George Mason Scientist Addresses Congressional Forum on Women’s Health

Posted: November 16, 2005 at 1:00 am, Last Updated: November 30, -0001 at 12:00 am

Emanuel Petricoin
Emanuel Petricoin

George Mason professor Emanuel Petricoin III spoke Monday at a congressional briefing that explored the roles of proteomics, personalized medicine and advanced therapeutic tools in the diagnosis and treatment of women with gynecological and breast cancers.

The event was held at the Rayburn House Office Building on Capitol Hill.

Petricoin, formerly with the U.S. Food and Drug Administration, is codirector of the university’s Center for Applied Proteomics and Molecular Medicine. He is a renowned pioneer in proteomics research – the study of protein activity in cells – an emerging field of medicine that holds the promise of a new paradigm for early disease detection and personalized medical treatment.

Petricoin discussed how proteomic technologies are poised to advance screenings for gynecological cancers and provide a new opportunity for risk stratification and patient-tailored therapy.

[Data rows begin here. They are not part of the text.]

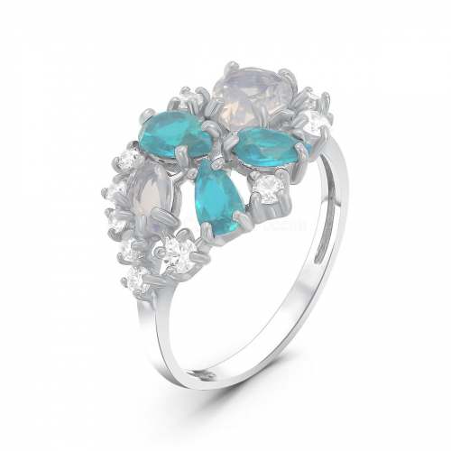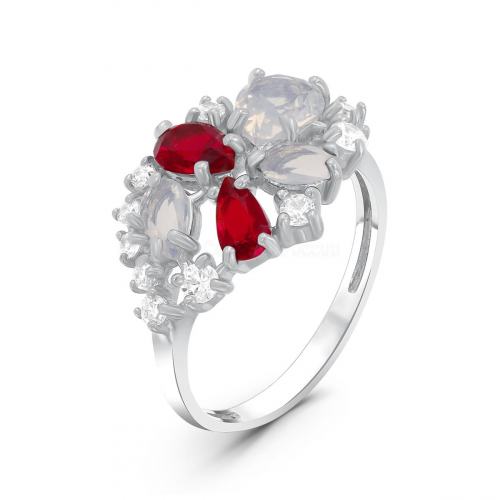 Кольцо из серебра с пл. кварцем цв. лунный камень, цв. гранат и фианитами родированное
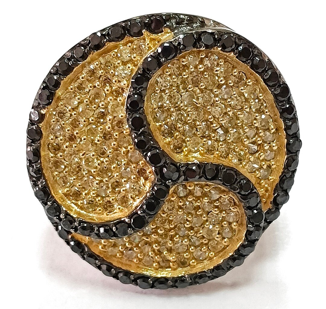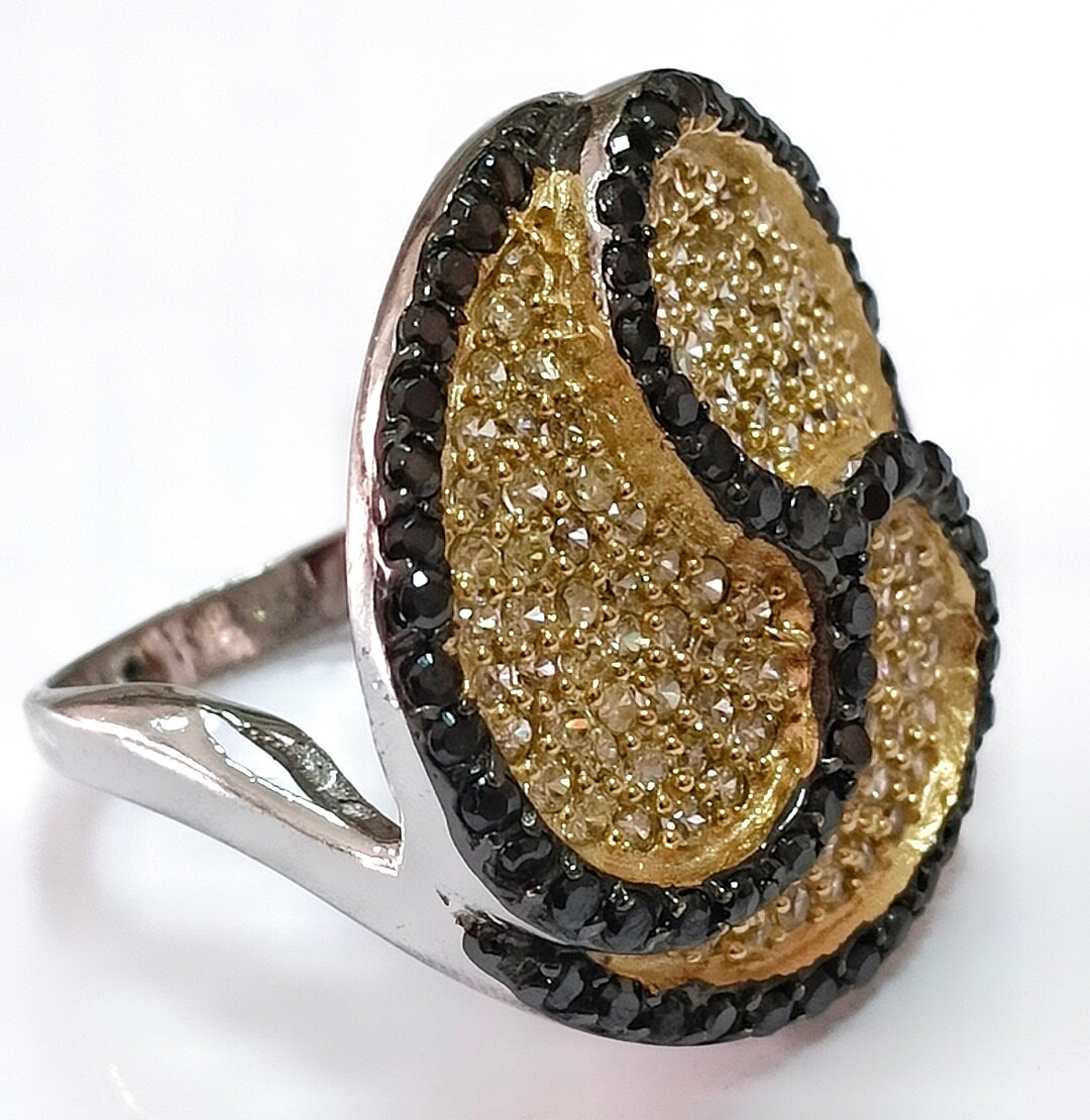 Вставка из желтого и черного фианита придает кольцу особый шарм и стиль. Фианиты - это искусственные камни, которые отличаются своим блеском и игрой света, что делает кольцо еще более привлекательным.
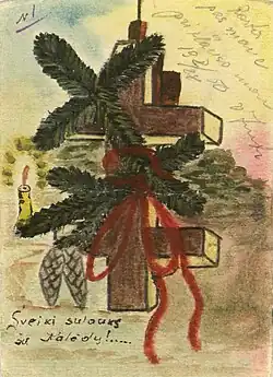 Christmas postcard of Lithuanian partisans. Confiscated by Soviet authorities from partisan supporter in 1950. Lithuanian Special Archives.
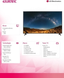 Ciesz się ostrym obrazem i inteligentnymi funkcjami z 43" telewizorem LED LG UR781. Oferuje rozdzielczość 4K UHD, smukły, nowoczesny design, inteligentne środowisko Smart TV oraz stabilne podstawy, które świetnie wpasują się w każdy nowoczesny wystrój wnętrza.
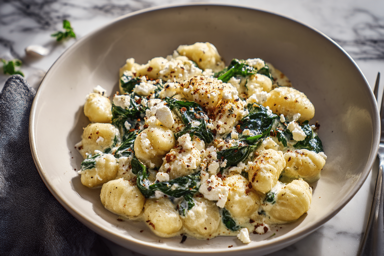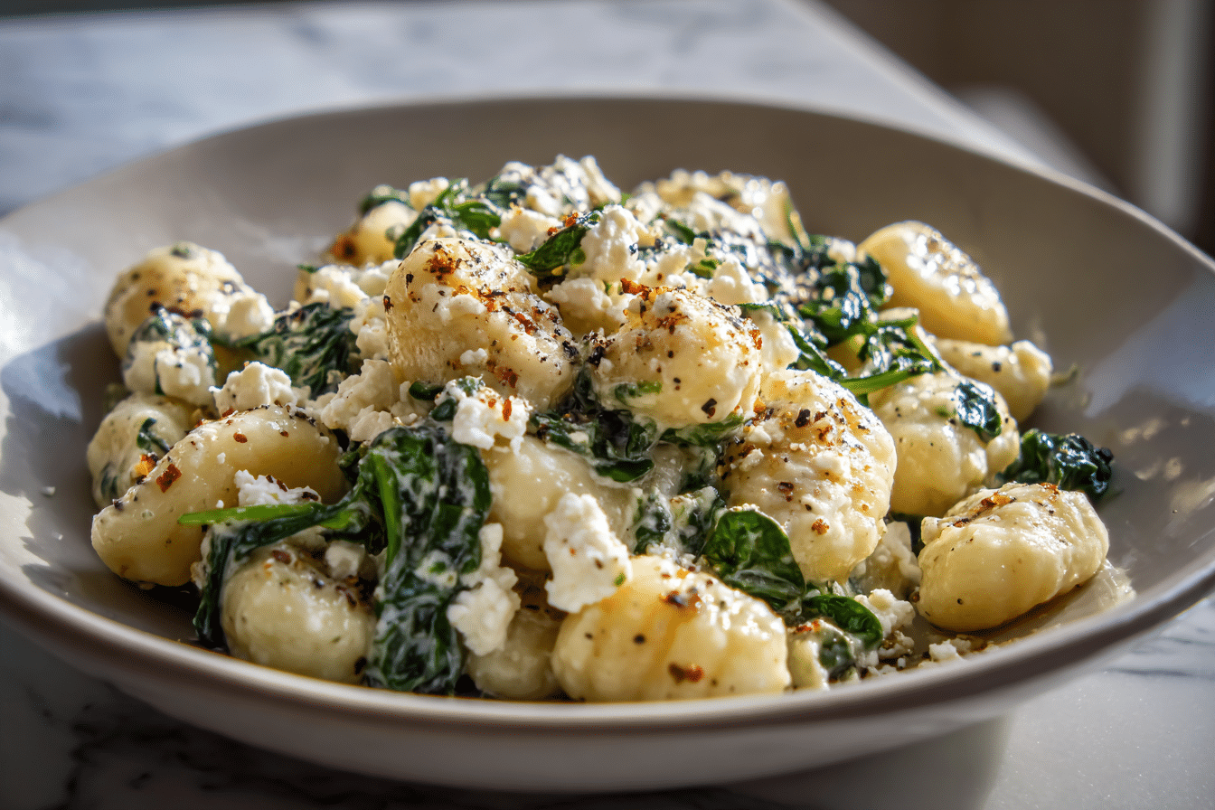 Creamy Gnocchi with Spinach and Feta is a rich and comforting dish featuring soft gnocchi tossed in a velvety cream sauce with wilted spinach and tangy feta cheese.
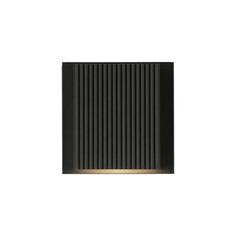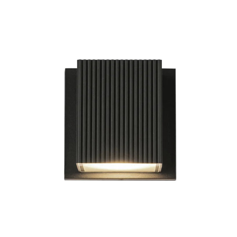 Providing downlight, this exterior wall sconce is simple and small. A black or white powder coated cube is attached to the square matching backplate with concealed fasteners. Light exits from its one end whether it is mounted horizontally or vertically. A linear pin-strip patterning adds interest to the front of the cube.
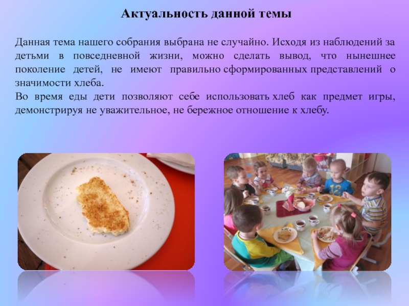 Во время еды дети позволяют себе использовать хлеб как предмет игры, демонстрируя не уважительное, не бережное отношение к хлебу.
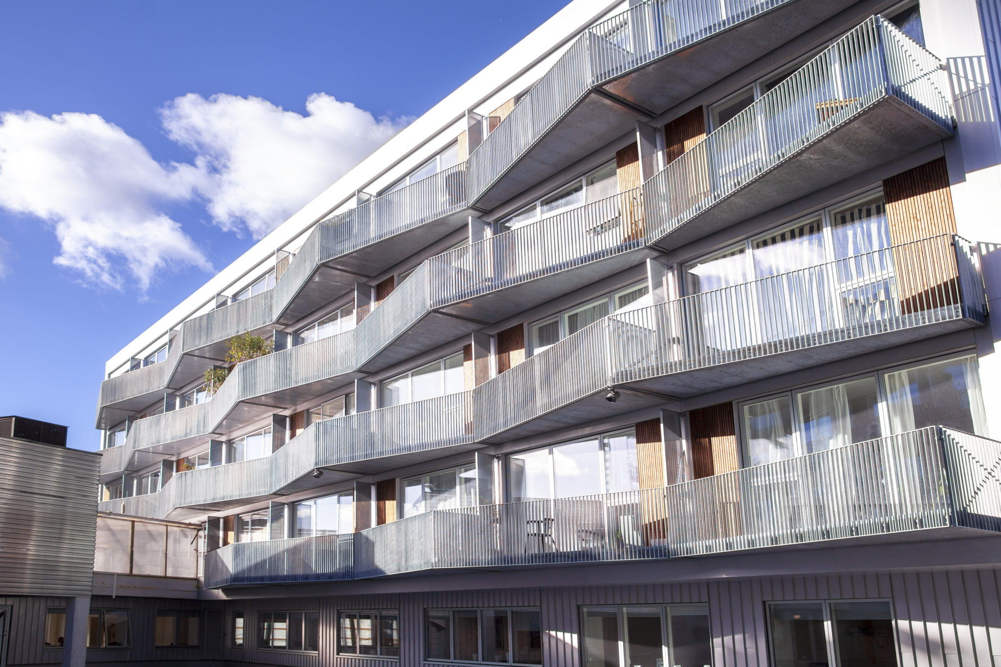 Klimaskærmen og 3-lagsruderne fra Velfac bidrager positivt til bygningens energiperformance. Samtidig tilfører vinduespartiernes smalle rammeprofiler og store glasarealer masser af naturligt dagslys til lejlighederne.
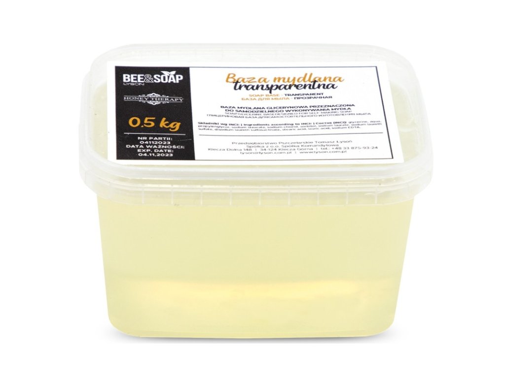 Báze mýdlová transparentní 0,5 kg. Transparentní báze mýdlová je ideální hmota na výrobu mýdla a kreativní projekty pro chovatele včelaře i tvůrčí lidi vyrábějící svíčky; snadno se zpracovává a umožňuje čisté, průhledné výsledky při mýdlová hmota postup zpracování s přidáním esencí, barev a dekorací.
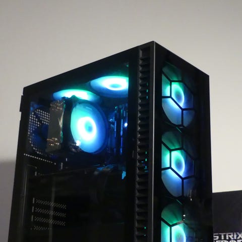 Acer Predator gamingdator med svart chassi och röda detaljer. Utrustad med flera USB-portar och ljudutgångar på baksidan. Designad för spel och högpresterande användning.
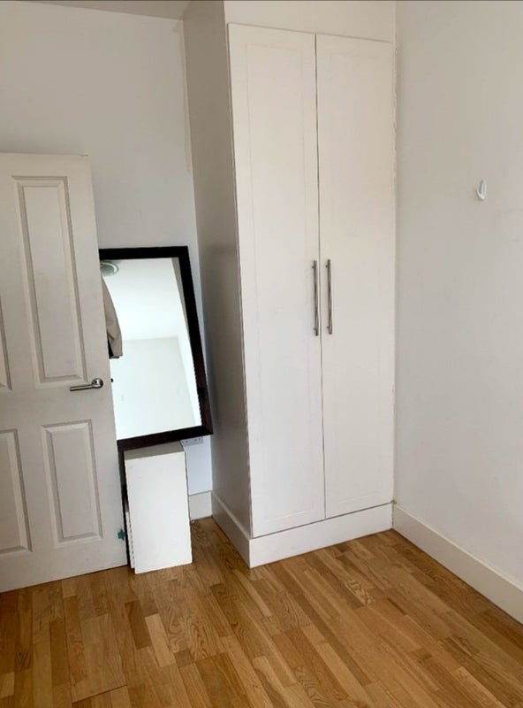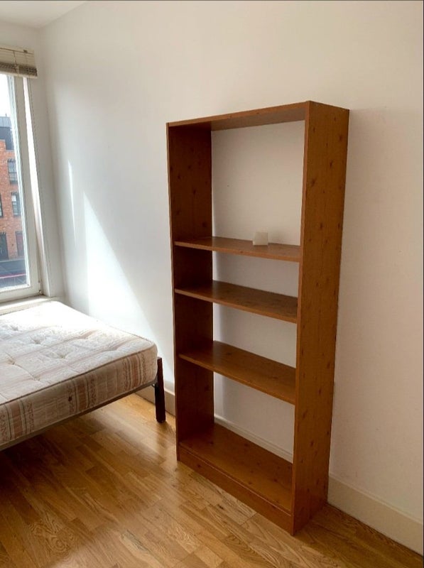 The room comes with a double bed, a small chest of drawers, a bookcase and a built-in wardrobe. There is space for a desk if you will be working from home.
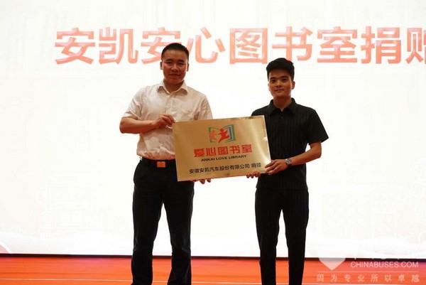同时踏着“百城千校——安凯校车公益行”的脚步,安凯客车现场向安徽庐江县和湖北巴东县的两所留守儿童小学捐赠爱心图书室,给孩子们带来丰富的精神食粮和社会的关爱,让孩子在阳光下学习,在快乐中成长。
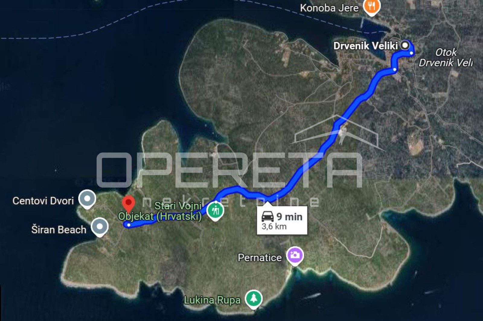 Na prodaju je poljoprivredno zemljište smješteno na Drveniku Velikom, idealno za poljoprivrednu proizvodnju, maslinarstvo, vinogradarstvo ili postavljanje manje nekretnine za koju nije potrebna građevinska dozvola. Zemljište se prostire na 760m², a pristup je s makadamske ceste moguć autom, kamionom ili građevinskim strojevima, zemljišta su ograđena suhozidima. Osim toga, pruža predivan pogled na more i okolnu prirodu, a nalazi se svega 3km od centra Drvenika i pristaništa, te 200m od mora..
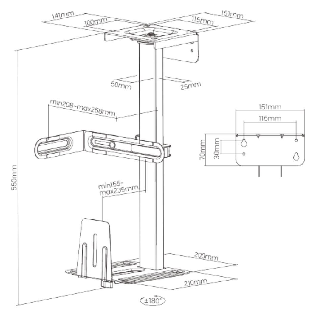 Držák na PC Brateck CPB-25 pod stolní desku kompatibilní s desktopovými počítači o šířce 155-235 mm, s nosností až 30 kg.
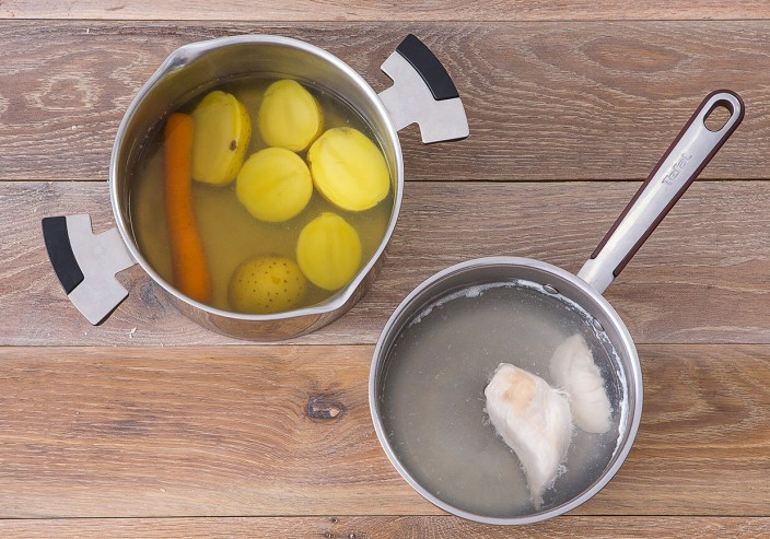 Шаг 1: Тщательно вымойте картофель, разрежьте его пополам и отварите вместе с морковью в кипящей воде. Этот процесс займет около 15 минут, пока овощи не станут мягкими. В отдельной кастрюле отварите куриную грудку порядка 8 минут.
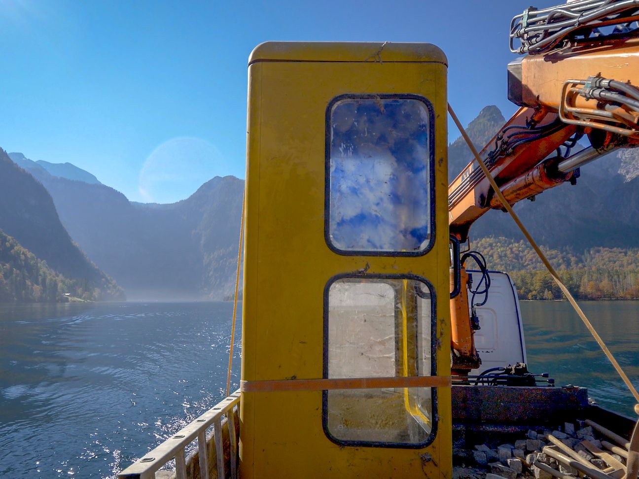 Das Besondere an dieser Demontage: Die grandiose Bergkulisse, die aber auch mit Tücken daherkommt. Zwar wurde die Telefonzelle wie üblich nach der Demontage auf die Ladefläche eines LKWs gehoben, doch für den ging es samt Fracht zunächst auf eine Fähre. Denn St. Bartholomä ist ausschließlich auf dem Wasserweg zu erreichen. So bekam die gelbe Telefonzelle zum Abschied also eine sonnige Fahrt über den klaren Königssee nach Schönau spendiert.
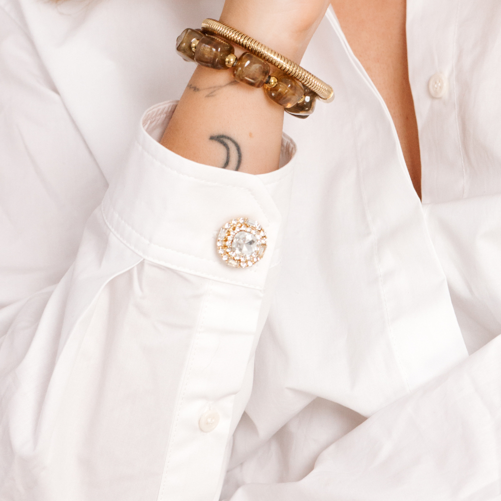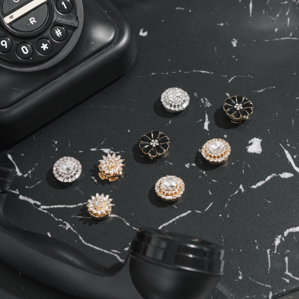 Geef elke blouse, blazer of shirt meteen een chique upgrade met onze button charm. Deze luxe accessoire klik je eenvoudig over de knoop van je kleding, waardoor het lijkt alsof je een sierlijke broche draagt, zonder gaatjes in je stof. De charm is rond vormgegeven met sprankelende zirconia steentjes, waardoor hij prachtig schittert bij elke beweging. Ideaal voor feestjes, zakelijke outfits of gewoon voor een dagelijkse dosis glamour.
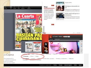 El documento evalúa y puntúa tres medios digitales chilenos y uno español según sus elementos multimedia, interactivos y de participación. Se analizan sitios como La Voz de Valparaíso, La Cuarta, El Popular y Que, asignando puntos de acuerdo a la presencia de blogs, redes sociales, versiones móviles y otras características. La Cuarta obtiene la mayor puntación total, seguida de Que, mientras que El Popular puntúa más bajo.
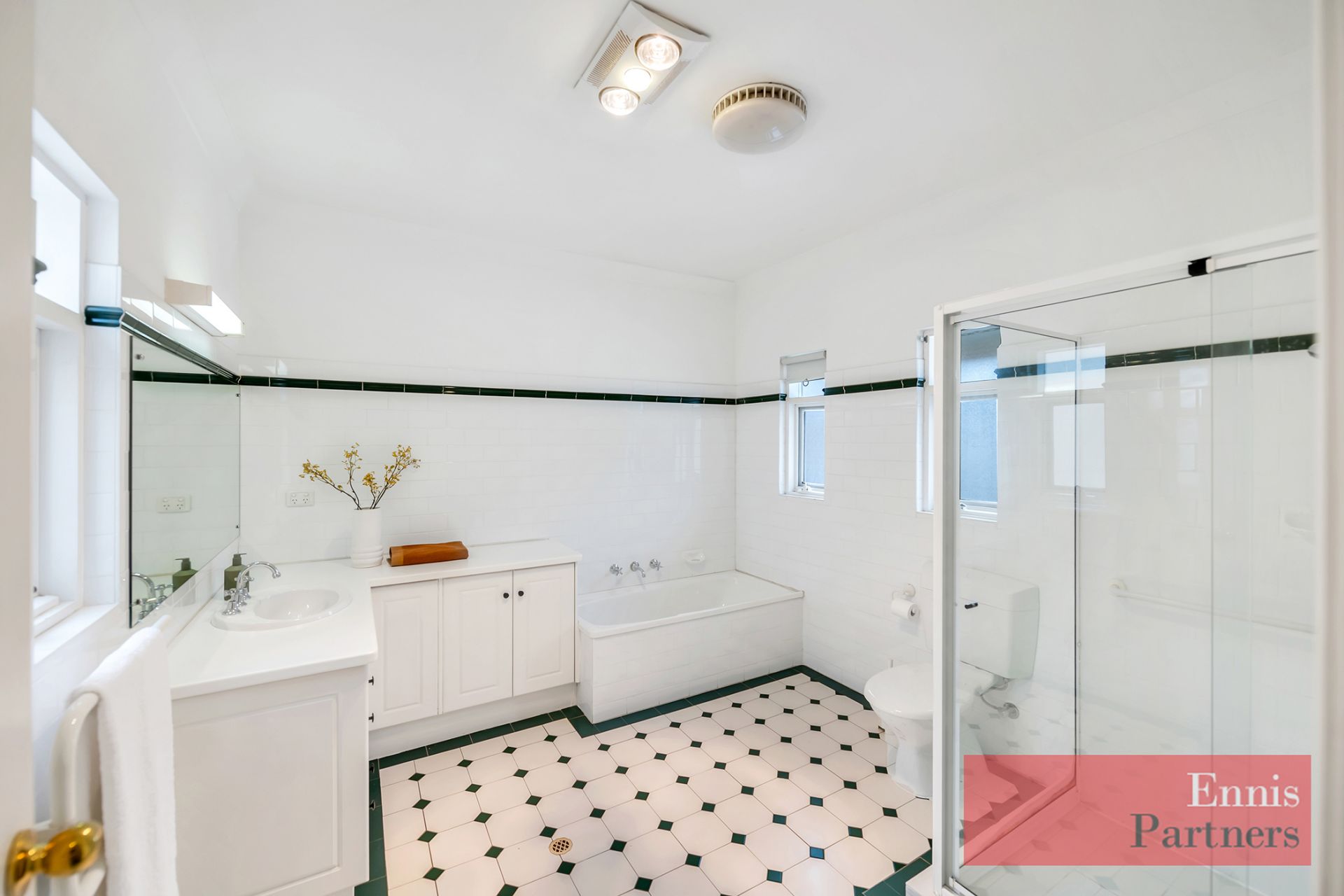 · Impressive main bathroom with full-size bath, separate shower, and quality tiling
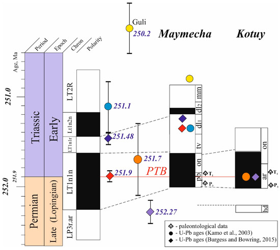 If we take as a basis U-Pb ages from [15], then the age of Arydzhangsky Formation is 251.7 ± 0.4 Ma, being slightly younger than PTB after [47], but overlapping this boundary within the confidence intervals. This interpretation is completely consistent with the paleomagnetic and paleontological data. Then, the interval of normal polarity recorded in the Arydzhangsky and Pravoboyarsky formation, corresponds to subchron LT1n1n (following the nomenclature of [66,67]), which contains the Permian–Triassic boundary in its lower part. Furthermore, the Tyvankitsky and Lower Delkansky formations in Maymecha district, as well as the upper part of Onkuchaksky Formation in Kotuy area, correspond to subchron LT1n1r. Lower Delkansky Formation is dated by Kamo et al. (2003) [15] at 251.1 ± 0.3 Ma, that is a little younger than the end of this subchron attributed at 251.444 Ma [67]; however, considering the confidence interval, this dating almost coincides with the chron boundary. We emphasize that in this case only the Khardakhsky Formation is definitely older than the Permian–Triassic boundary and the onset of extinction (Figure 8).

“My research focuses on the discovery and development of diagnostic and treatment approaches that directly impact patients who are living with cancer and other diseases,” said Petricoin. “It is an honor to bring these findings before an audience that influences public policy and health care regulation.”

The event was sponsored by the Society for Women’s Health Research, the nation’s only nonprofit organization dedicated to the improvement of health for all women through research, education and advocacy; and the Diagnostics Access Coalition, which comprises patient, professional and trade associations that promote the value of advanced diagnostics to patients, the health care delivery system and society.

The program also included Alan Guttmacher, deputy director of the National Human Genome Research Institute, National Institutes of Health; Minetta Liu, assistant professor of medicine and oncology at the Lombardi Comprehensive Cancer Center at Georgetown University Hospital; and a breast cancer survivor who discussed how her disease was diagnosed and treated based on her genetic profile.

“Raising public awareness of new findings and opportunities in women’s health through forums such as this is critically important to advance the education and advocacy of lawmakers, health care providers and consumers,” said Petricoin.